The IFRS for SMEs Standard is under consideration Yes. A project on adoption of IFRS Standards and possibly the IFRS for SMEs Standard for separate financial statements was initiated by the Ministry for National Economy in June 2013.

Hungary

RELEVANT JURISDICTIONAL AUTHORITY

Organisation

Ministry for National Economy.

Magyar Könyvvizsgálói Kamara (MKVK) [Hungarian Chamber of Auditors].

Role of the organisation

The Ministry for National Economy (State Secretariat for Tax and Financial Regulation) is responsible for the regulation of the public accounting practice in Hungary, including the issuance and maintenance of the Accounting Law (Act C of 2000 on Accounting). The Accounting Law is, in effect, Hungarian GAAP.

MKVK sets auditing standards, but it does not set accounting standards.

COMMITMENT TO GLOBAL FINANCIAL REPORTING STANDARDS

Has the jurisdiction made a public commitment in support of moving towards a single set of high quality global accounting standards?
Has the jurisdiction made a public commitment towards IFRS Standards as that single set of high quality global accounting standards?
What is the jurisdiction's status of adoption?
Hungary has already adopted IFRS Standards for all or some companies.
Additional comments provided on the adoption status?

As a member state of the European Union, Hungary is subject to EU 1606/2002 Regulation on the application of international accounting standards (IAS).

The EU IAS Regulation requires application of IFRS Standards as adopted by the EU for the consolidated financial statements of European companies whose securities trade in a regulated securities market starting in 2005. The EU IAS Regulation gives member states the option to require or permit IFRS Standards as adopted by the EU in separate company financial statements (statutory accounts) and/or in the financial statements of companies whose securities do not trade on a regulated securities market. See the Profile for the European Union for more detailed information about the EU IAS Regulation.

There is one regulated market in Hungary – the Budapest Stock Exchange.

Hungary used the option under the IAS Regulation to permit optional application of IFRS Standards as adopted by the EU for the consolidated accounts of all companies within the scope of the Accounting Act that do not trade in a regulated market.
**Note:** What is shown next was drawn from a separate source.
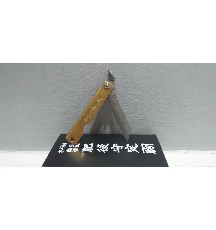 Con una longitud total de casi nueve centímetros, la Higonokami Bonsai Hoseki Damascus es una de las navajas de bolsillo más pequeñas de nuestra gama. La versión en miniatura del cuchillo japonés tradicional está hecha de latón, por lo que se forma una pátina única con el tiempo. La hoja estrecha está hecha de damasco de alta calidad . Con orificio para cordón

If the jurisdiction has NOT made a public statement supporting the move towards a single set of accounting standards and/or towards IFRS Standards as that set of standards, explain the jurisdiction's general position towards the adoption of IFRS Standards in the jurisdiction.
Not applicable.

EXTENT OF IFRS APPLICATION

For DOMESTIC companies whose debt or equity securities trade in a public market in the jurisdiction:

Are all or some domestic companies whose securities trade in a public market either required or permitted to use IFRS Standards in their consolidated financial statements?
Yes.
If YES, are IFRS Standards REQUIRED or PERMITTED?
In accordance with the EU Accounting Regulation, IFRS Standards as adopted by the EU are required for the consolidated financial statements of all European companies whose debt or equity securities trade in a regulated market in Hungary.
Does that apply to ALL domestic companies whose securities trade in a public market, or only SOME? If some, which ones?
All.
Are IFRS Standards also required or permitted for more than the consolidated financial statements of companies whose securities trade in a public market?
Yes.
For instance, are IFRS Standards required or permitted in separate company financial statements of companies whose securities trade in a public market?
No. Hungarian statutory standards are required in the separate company financial statements of all companies, publicly traded and private. Companies are permitted to prepare separate company financial statements using IFRS Standards as adopted by the EU as supplemental financial statements in addition to their separate company financial statements using Hungarian statutory standards.
For instance, are IFRS Standards required or permitted for companies whose securities do not trade in a public market?
Permitted in the consolidated financial statements of all companies whose securities do not trade in a regulated market.
If the jurisdiction currently does NOT require or permit the use of IFRS Standards for domestic companies whose securities trade in a public market, are there any plans to permit or require IFRS Standards for such companies in the future?
Not applicable.

For FOREIGN companies whose debt or equity securities trade in a public market in the jurisdiction:

Are all or some foreign companies whose securities trade in a public market either REQUIRED or PERMITTED to use IFRS Standards in their consolidated financial statements?
Yes.
If YES, are IFRS Standards REQUIRED or PERMITTED in such cases?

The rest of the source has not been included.